* [Requirement]:
Look through the entries below for the string "which", and copy each line where it is found.

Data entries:
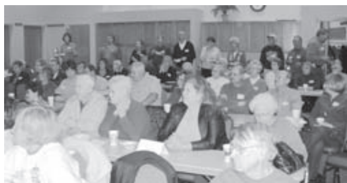
Standing room only at WNA annual meeting. More on pg. 8

There will be plenty of time for question and answers. You won't want to miss this meeting.
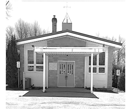
St. John the Baptist Church Port Severn
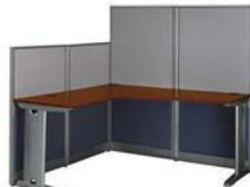
L-Office Cubical 63"H x 64½"W x 64½"D
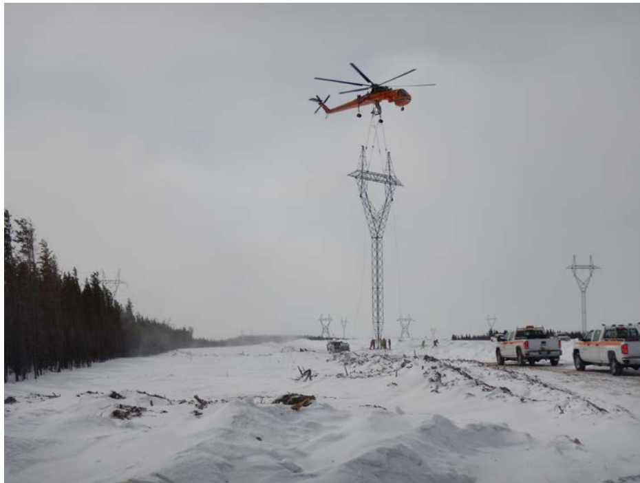
Photo 1: Keeyask Transmission Project is located south of Gillam, MB. Construction of GOT lines 2 and 3 is nearly complete.
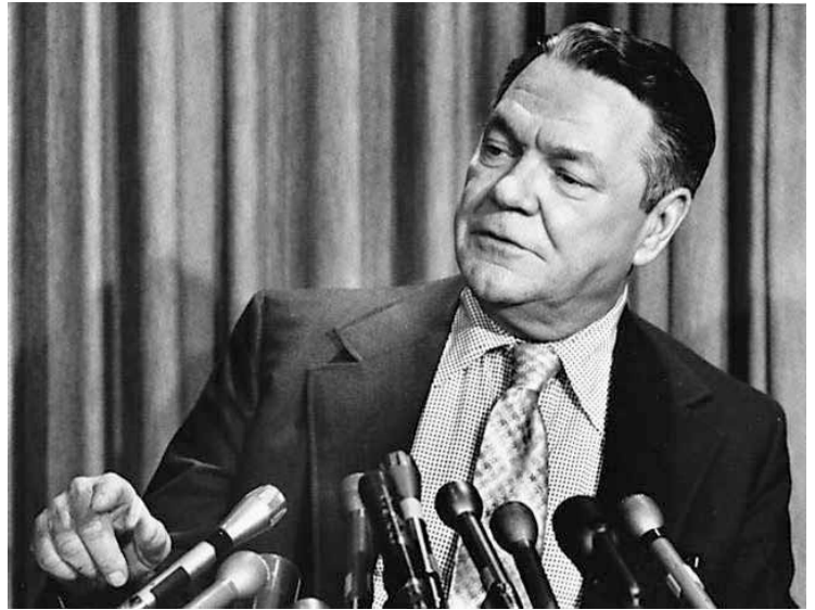
In April 1971 Hale Boggs—then House Majority Leader—called for Hoover's resignation from the floor of Congress. He sought to re-open the investigations of the assassinations of JFK, RFK, and MLK. In October 1972, the plane in which Boggs was traveling disappeared in Alaska.
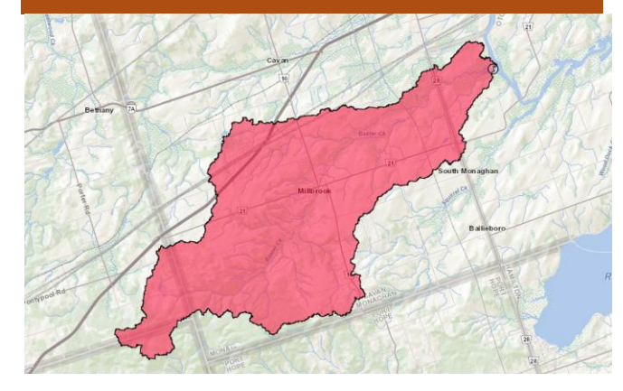
The subwatershed of the Baxter Creek which is the focus of our watershed characterization mapping efforts.

Our Fleming college students who worked with us this Spring as our GIS Technicians will be presenting their work and <u>Baxter Creek Watershed Hub</u> in a virtual online GeoCommunity Open House on June 30th.
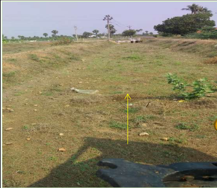
Excess soil to be cleared
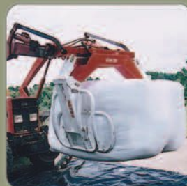
M10P120 + MB option
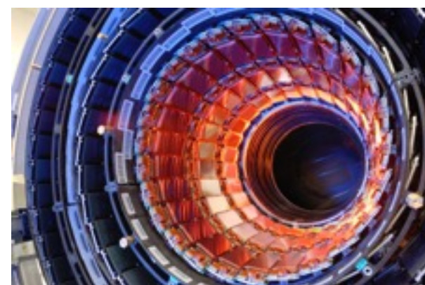
CMS Tracker Detector

Activity webpage: http://www.ncp.edu.pk/wtdhep-2015.php
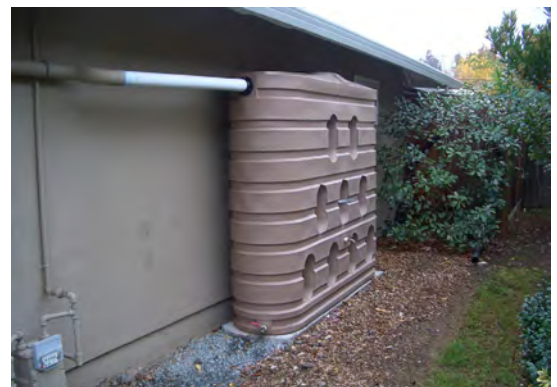
Large unit installed at a single family residence.
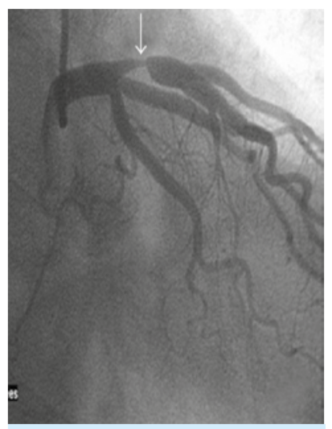
Figure-3. Conventional Coronary Angiogram confirms the severe stenosis in proximal LAD (white arrow).

Regarding the LAD disease 17 (35.4%) patients had severe CAD with CAC score between 101-400 and all the patients 2(4.2%) who had CAC score >400 had severe CAD.Regarding disease in RCA 89(45.64%) patients had severe CAD and most of these patients had CACS >200. Two patients had CACS >400 and all were suffering from severe disease in RCA. Regarding disease in left Circumflex artery, 56(98%) with zero calcium had no disease but there was only 1 patient who had CAC >400 and was suffering from severe disease.
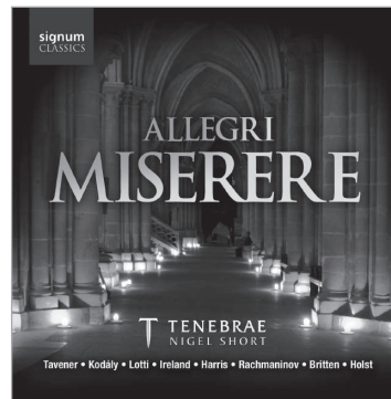
Allegrì Miserere Signum Classics SIGCD085 (2006)

Signum Classics SIGCD046 (2002) The Dream of Herod
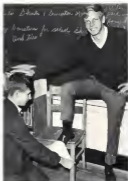
"Well, there are 42 Seniors, so only 41 stars to go!"
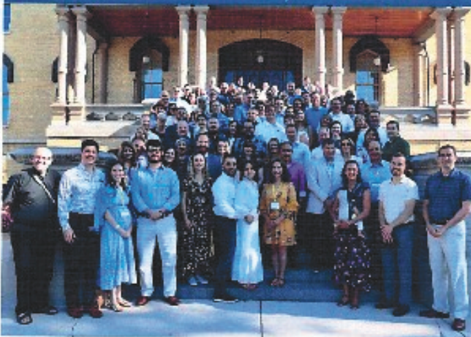
Missionaries to the Family Class of 2021

* [Exercise result]:
In April 1971 Hale Boggs—then House Majority Leader—called for Hoover's resignation from the floor of Congress. He sought to re-open the investigations of the assassinations of JFK, RFK, and MLK. In October 1972, the plane in which Boggs was traveling disappeared in Alaska.
The subwatershed of the Baxter Creek which is the focus of our watershed characterization mapping efforts.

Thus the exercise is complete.